【略史】青州に割拠した諸勢力はおおむね二系統に分けられる。一つは公孫瓚が派遣した田楷・劉備に孔融を加えたもの、もう一方は袁紹・袁譚父子とこれに荷担する黄巾賊である。その他、遼東太守公孫度も東萊郡に進出している。黄巾賊の一部は兗州に闖入し、刺史劉岱を殺害するなど猛威を振るったが、のちに曹操の支配下に置かれることになった。公孫瓚系勢力が一掃されると、曹操は袁譚による青州一円支配を恐れ、臧霸に青州・徐州を委ねて彼に対抗させ、ようやく袁紹・袁譚を滅ぼして青州を支配下に置いた。
はじめ曹操・袁紹らが義兵を起こすと、刺史焦和もそれに呼応して洛陽に攻め上った。しかし焦和は臆病な性質であったため、曹操が敗北したと聞いただけで青州に逃走した。青州全土に黄巾賊が蔓延したが抑えることもできなかった。
焦和没後の青州は群雄争奪の地となり、袁紹は臧洪を青州刺史に任命したが、一方公孫瓚は田楷を青州刺史に、劉備を平原国相に任じて斉国に進出させた。青州一円を実効支配したのは臧洪だったが、彼は着任してから二年間で州内の賊徒を鎮圧した。田楷と袁紹は二年間にわたって戦闘し、いずれも百姓たちから略奪したので野原には青草が残らなかった。興平元年(一九四)夏、兗州牧曹操が徐州を侵略すると、田楷は劉備を派遣して徐州を救援させた。ちょうど徐州牧陶謙が死去したため、劉備は徐州牧の地位を襲う。また北海国相孔融も英雄の志を持っていた。遼東太守公孫度の軍勢が海を渡って青州に侵入したとき、孔融は夜襲をかけてこれを撃退し、精鋭を手に入れた。

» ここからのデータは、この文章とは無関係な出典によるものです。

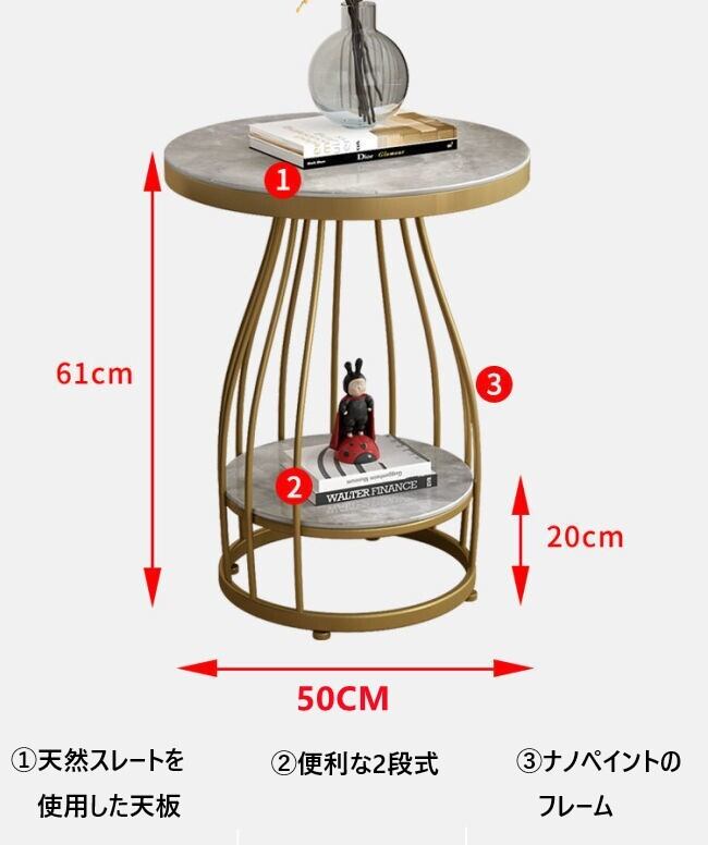 サイドテーブル 2段式 直径50cm ゴールド フレーム おしゃれ かわいい 北欧 コーヒーテーブル ホテルライク 大理石 ラグジュアリー

袁紹は長子袁譚を疎んじており、公孫瓚の死後、彼を都督に任じて青州に出向させた。曹操は上奏して袁譚を刺史に任命した。袁譚の版図はわずか平原郡だけであったが、まず北進して田楷を撃破し、さらに東方に行って孔融を攻撃した。青州の民衆は彼を歓迎して主君と仰いだ。東萊郡では黄巾賊の勢力がとくに強かったが、袁譚は彼らに官位をやって手懐けている。孔融が袁譚に敗れて徐州に逃亡すると、劉備は上奏して彼を青州刺史に推薦した。ただし当時朝廷の実権は曹操が握っており、刺史任官が認められた可能性は考えがたい。
こうして青州から公孫瓚一派が駆逐されたが、袁譚は姦佞の輩を腹心とし、妻の弟に軍勢をやって城の内外で略奪を働かせた。また諸県に将軍を派遣して兵士を徴発させたが、賄賂を出した者は見逃した。貧しい者たちは山野に逃げ隠れしたが、鳥や獣を追い立てるように彼らを追い詰めた。そのくせ初年兵を徴発する期日になっても、部落に安閑として居すわる者を処罰することはできなかった。もともと一万戸あった城邑でも、戸籍に登録された者は数百戸に満たず、租税収入は三分の一にもならなかった。
曹操は袁紹と対立を始めていたが、泰山を中心に青州・徐州を荒らしまわっていた臧霸・孫観・呉敦・尹礼・昌豨らを抱き込み、臧霸に青州・徐州の軍事を委ねて袁譚らに対抗させた。李整が刺史に任命されたのはこのころであろうか。曹操は東方に気兼ねする必要がなくなり、官渡で袁紹を撃ち破ることができた。
袁紹が没すると、袁譚は弟袁尚と仲違いして平原城に楯籠り、曹操に救援を求めた。曹操の軍勢が到着すると袁尚は包囲を解いて去ったが、曹操が鄴を攻撃している隙を突いて袁譚は甘陵・安平・勃海・河間を占拠し、曹操に違約を咎められると南皮に楯籠った。建安十年(二〇五)正月、曹操は南皮を陥落させて袁譚を斬首した。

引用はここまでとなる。